Conti pubblici e legge elettorale, dunque, sono due elementi di quello scenario che al momento induce Grasso a declinare l’invito spiegando che le “condizioni attuali” rendono difficile il prosieguo del ragionamento iniziato dal Pd regionale e nazionale. La discesa nell’agone siciliano comporterebbe le dimissioni da presidente del Senato: una decisione che Grasso al momento ha deciso di accantonare in virtù dell’avvicinarsi di quello che da Roma definiscono “un tornante difficile della legislatura”. La “delicatezza del ruolo” che attualmente ricopre ha imposto all’ex procuratore di Palermo una “seria valutazione” sul costo istituzionale di un gesto come le dimissioni, che in questo momento sarebbe “troppo alto” per il Paese. Per Grasso un dilemma istituzionale che “per ora”, come affermato in una uscita pubblica a Catanzaro, ha una risposta negativa.

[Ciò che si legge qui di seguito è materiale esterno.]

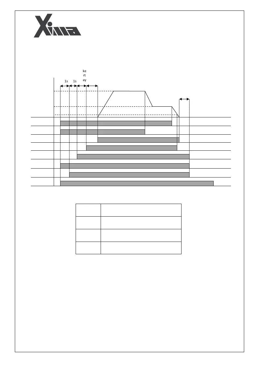 The order of brake release in Xima inverter based on various commands is as follows: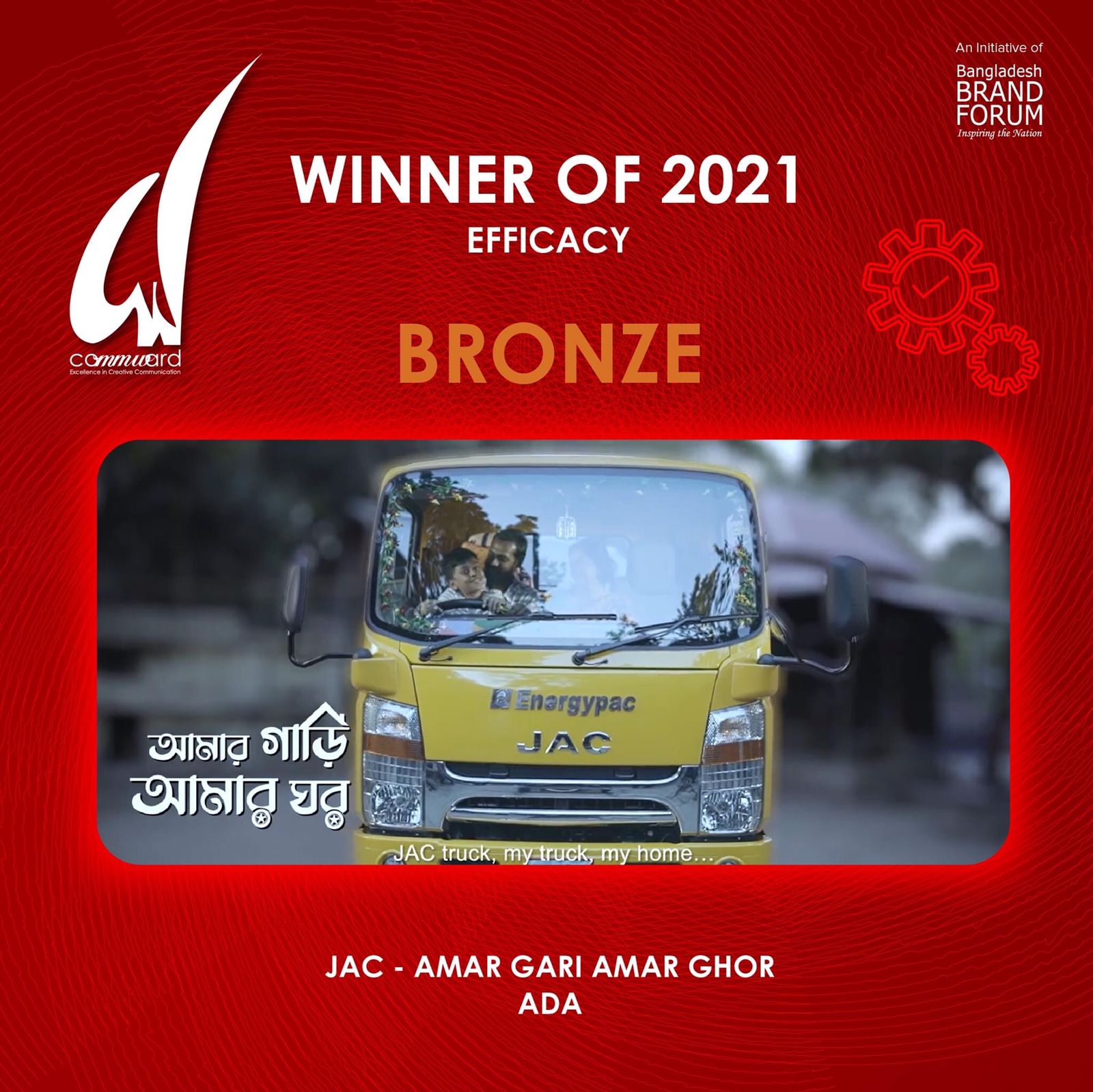এ বছর মোট ২২৭টি প্রতিষ্ঠানকে ২৬টি ক্যাটাগরিতে ব্রোঞ্জ সিলভার, গোল্ড ও গ্রান্ড প্রি বিভাগে কমওয়ার্ড বিজ্ঞাপন পুরস্কার প্রদান করা হয়। জেএসি গাড়ির জন্য তৈরি জেএসি ‘আমার গাড়ি, আমার ঘর’ ক্যাম্পেইনটি ‘বেস্ট এফিক্যাসি’ ক্যাটাগরিতে ব্রোঞ্জ পুরস্কার জিতে নেয়।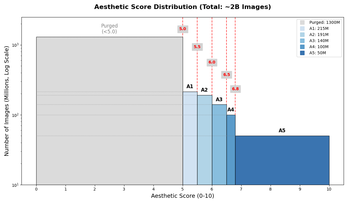 aesthetic_score >= 7.0,clip_score >= 0.95, and long-form descriptions). This tail was not augmented. The intuition: late-epoch training cared less about coverage and more about detail and composition. Pristine, semantically rich examples would prevent model collapse and force the model to refine.

Il ragionamento di Grasso è stato accolto con “massimo rispetto” nel Pd siciliano che tuttavia non ha perso le speranze di potere ancora convincere il presidente del Senato, qualora le condizioni a Roma dovessero cambiare. Da fonti del partito, inoltre, emerge il malessere nei confronti di alcuni “notabili” locali che nelle ultime ore avrebbero ostacolato l’ipotesi Grasso a Palazzo d’Orleans. Ingerenze figlie di quelle precondizioni fatte filtrare da Palazzo Madama per rendere possibile un ragionamento sulla candidatura per Palazzo d’Orleans e che erano già state anticipate da Livesicilia: pieno controllo sulla qualità delle liste da portare avanti in parallelo con una proposta di rinnovamento della classe politica siciliana di centrosinistra. Segnali accolti con freddezza da qualche big locale, che avrebbe così “remato contro” l’ipotesi in campo. Anche questa controffensiva non è passata inosservata a Palazzo Madama, dove tuttavia in queste ore si continua a ragionare in termini di “opportunità per il Paese”.